======== RECORD SET ========
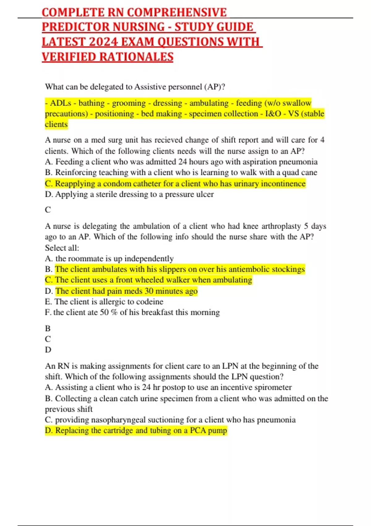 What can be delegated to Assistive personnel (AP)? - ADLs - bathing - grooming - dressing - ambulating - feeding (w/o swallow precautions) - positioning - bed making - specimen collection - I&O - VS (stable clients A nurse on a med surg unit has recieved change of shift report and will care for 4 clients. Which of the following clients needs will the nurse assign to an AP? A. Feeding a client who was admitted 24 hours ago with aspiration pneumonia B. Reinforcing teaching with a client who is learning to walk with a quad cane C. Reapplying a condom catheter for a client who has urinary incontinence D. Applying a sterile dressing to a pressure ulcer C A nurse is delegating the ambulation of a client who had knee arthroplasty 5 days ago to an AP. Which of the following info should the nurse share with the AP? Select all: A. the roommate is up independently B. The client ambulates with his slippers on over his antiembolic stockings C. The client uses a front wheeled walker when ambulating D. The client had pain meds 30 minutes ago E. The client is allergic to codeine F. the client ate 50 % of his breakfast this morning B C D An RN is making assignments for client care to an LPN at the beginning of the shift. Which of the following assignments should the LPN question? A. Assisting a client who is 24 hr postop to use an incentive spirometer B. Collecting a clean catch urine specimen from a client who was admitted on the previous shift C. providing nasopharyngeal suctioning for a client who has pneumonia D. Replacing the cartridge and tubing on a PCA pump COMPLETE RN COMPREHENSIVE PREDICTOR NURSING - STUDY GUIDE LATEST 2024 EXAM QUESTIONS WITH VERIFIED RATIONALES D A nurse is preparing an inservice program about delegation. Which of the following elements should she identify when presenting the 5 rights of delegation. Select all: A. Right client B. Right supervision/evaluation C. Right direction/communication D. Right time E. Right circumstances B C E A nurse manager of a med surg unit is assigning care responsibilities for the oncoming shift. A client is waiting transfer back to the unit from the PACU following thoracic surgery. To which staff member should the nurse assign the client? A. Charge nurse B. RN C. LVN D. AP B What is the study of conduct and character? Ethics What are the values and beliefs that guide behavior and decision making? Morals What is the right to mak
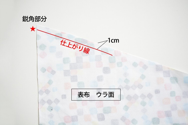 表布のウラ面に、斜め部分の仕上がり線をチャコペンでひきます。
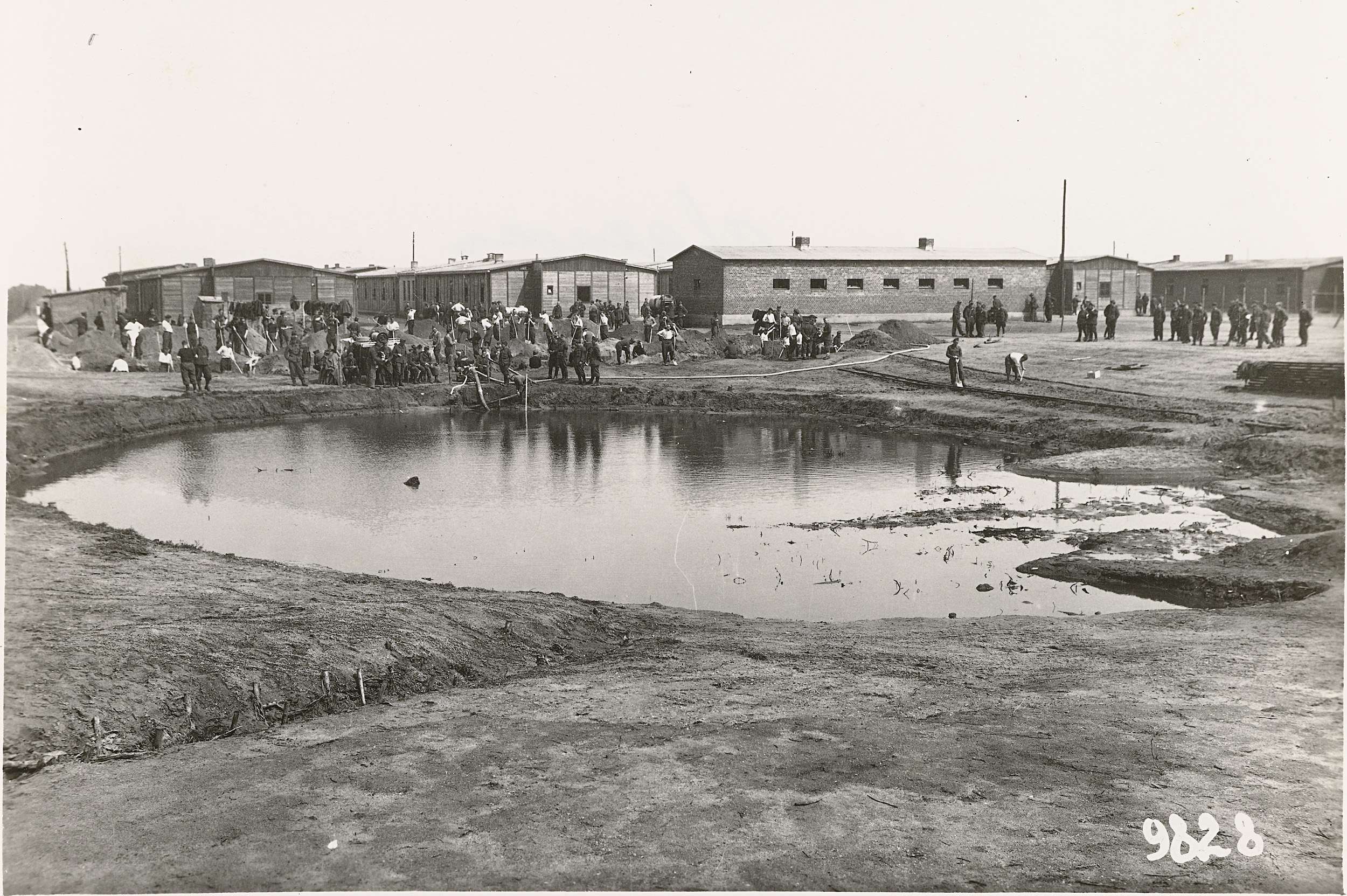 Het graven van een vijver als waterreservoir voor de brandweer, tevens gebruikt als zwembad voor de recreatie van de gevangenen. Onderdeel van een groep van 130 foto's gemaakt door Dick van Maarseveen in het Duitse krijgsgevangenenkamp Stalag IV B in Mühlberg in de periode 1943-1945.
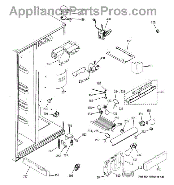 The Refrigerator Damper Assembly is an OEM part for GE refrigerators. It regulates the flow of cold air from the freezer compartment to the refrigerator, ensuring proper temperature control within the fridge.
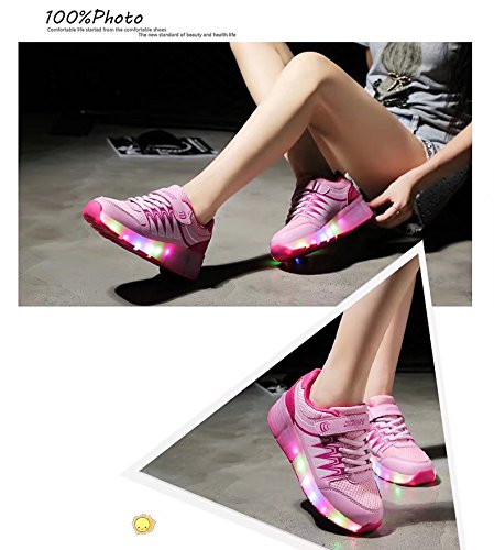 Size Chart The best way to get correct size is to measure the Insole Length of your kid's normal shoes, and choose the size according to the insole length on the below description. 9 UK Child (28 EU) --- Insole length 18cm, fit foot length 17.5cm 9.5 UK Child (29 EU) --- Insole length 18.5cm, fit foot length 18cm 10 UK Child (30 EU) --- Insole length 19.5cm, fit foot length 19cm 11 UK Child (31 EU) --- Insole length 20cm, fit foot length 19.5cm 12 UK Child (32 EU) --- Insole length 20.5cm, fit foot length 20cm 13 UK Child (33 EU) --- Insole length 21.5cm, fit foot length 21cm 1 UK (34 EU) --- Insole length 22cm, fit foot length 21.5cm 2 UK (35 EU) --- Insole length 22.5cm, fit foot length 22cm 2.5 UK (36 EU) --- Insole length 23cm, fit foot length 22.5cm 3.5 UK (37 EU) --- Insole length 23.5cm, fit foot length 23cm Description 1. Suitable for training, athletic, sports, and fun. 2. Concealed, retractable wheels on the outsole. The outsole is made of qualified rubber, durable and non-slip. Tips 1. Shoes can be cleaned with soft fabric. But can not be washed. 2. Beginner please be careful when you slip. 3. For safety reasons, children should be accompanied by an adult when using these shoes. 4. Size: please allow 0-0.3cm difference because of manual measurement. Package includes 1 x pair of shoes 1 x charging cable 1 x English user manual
========
======== RECORD SET ========
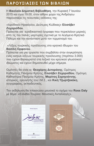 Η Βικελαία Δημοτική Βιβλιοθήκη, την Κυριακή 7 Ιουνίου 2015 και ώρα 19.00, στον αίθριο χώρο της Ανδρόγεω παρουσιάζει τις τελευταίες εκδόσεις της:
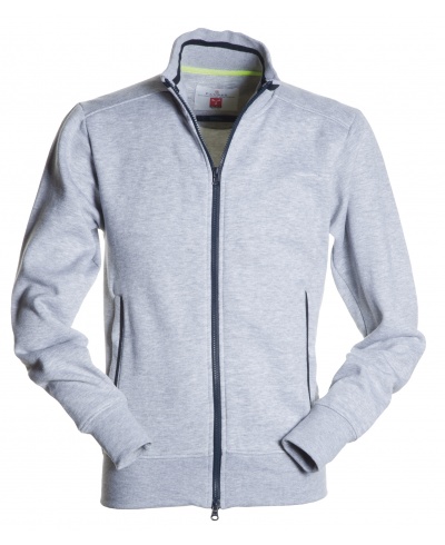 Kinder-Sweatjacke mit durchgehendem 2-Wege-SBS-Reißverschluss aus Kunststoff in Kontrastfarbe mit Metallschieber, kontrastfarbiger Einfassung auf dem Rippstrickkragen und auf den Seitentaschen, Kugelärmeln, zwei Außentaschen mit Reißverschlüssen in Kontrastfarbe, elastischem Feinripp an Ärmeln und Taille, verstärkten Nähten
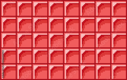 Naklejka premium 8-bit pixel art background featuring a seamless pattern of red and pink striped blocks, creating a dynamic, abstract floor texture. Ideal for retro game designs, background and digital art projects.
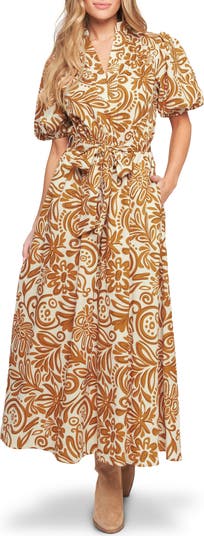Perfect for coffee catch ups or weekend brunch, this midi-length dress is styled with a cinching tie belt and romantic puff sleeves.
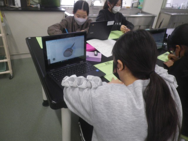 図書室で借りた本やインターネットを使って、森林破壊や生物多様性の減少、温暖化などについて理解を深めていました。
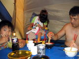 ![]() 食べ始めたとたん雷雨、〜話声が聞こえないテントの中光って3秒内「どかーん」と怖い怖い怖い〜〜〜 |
========
Above this task is a listing with pictures in it. Retype only the lines from the one containing "表布のウラ面に、斜め部分の仕上がり線をチャコペンでひきます。" through the one containing "Het graven van", both included, and not the pictures.

 表布のウラ面に、斜め部分の仕上がり線をチャコペンでひきます。
 Het graven van een vijver als waterreservoir voor de brandweer, tevens gebruikt als zwembad voor de recreatie van de gevangenen. Onderdeel van een groep van 130 foto's gemaakt door Dick van Maarseveen in het Duitse krijgsgevangenenkamp Stalag IV B in Mühlberg in de periode 1943-1945.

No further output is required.